Admitted Class of 2014 Most Selective Ever

David PesciApril 21, 20103min
Wesleyan offered admission to 2,125 students to join the Class of 2014. About 500 admitted students sampled "all-things Wesleyan" during WesFest April 15-17. Pictured is a WesFest picnic on April 16.

This year Wesleyan received 10,656 applications to join the university’s class of 2014, an increase of nearly 6 percent from last year. Of those, 2,125 or just under 20 percent, were offered admission, giving Wesleyan its most selective admission cycle on record.

“This is a really superb and exciting group of students who are poised to join the Wesleyan community,” says Nancy Hargrave Meislahn, dean of admission and financial aid. “We had another significant increase in the overall number of applications this year and we had to make a lot of difficult decisions. But the students we chose were absolutely the best match for Wesleyan.”

Some of the highlights of the admitted class include:

– Nearly 14 percent are the first in their family to attend a four-year college or university.

– More than a third are from ethnic and racial backgrounds that are under-represented in higher education.

– Approximately 12 percent have a native language other than English

– More were admitted from the Midwest and from outside the USA, with only 37% from New-York and New England this year. Increases from Texas, Florida and Georgia and from India and China led the change.

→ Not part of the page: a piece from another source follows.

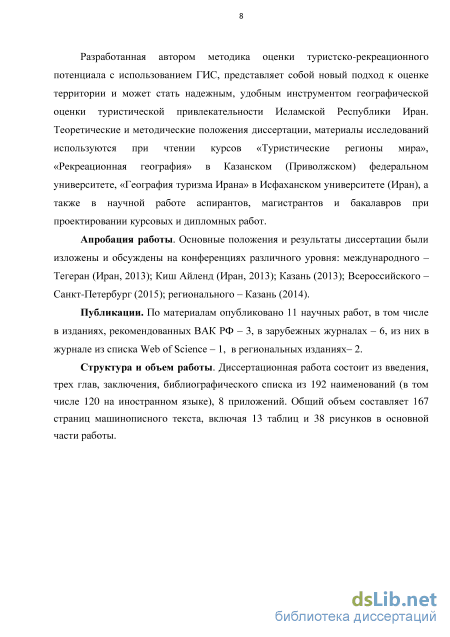 Практическая значимость работы заключается в возможности использования методики, результатов и выводов диссертации в практике стратегического планирования, при разработке целевых и комплексных программ, в деле практической организации туризма как для провинции Исфахан так и для Исламской Республики Иран в целом.

As for their academic qualifications, Hargrave Meislahn says the group is “absolutely stellar,” scoring the 98th percentile in standardized tests. In excess of 80 percent of the students took calculus in high school, four years of a foreign language, as well as biology, physics and chemistry.

However, the quality admitted class goes beyond test scores or coursework.

“The intellectual curiosity and the achievement of these students in and out of the classroom is just breath-taking,” Hargrave Meislahn says. “They have a curiosity about their place in the world and a desire to make the world a better place. That is what is driving and motivating them, and that’s what typifies Wesleyan students in general. That’s what makes these students such a good match for us.”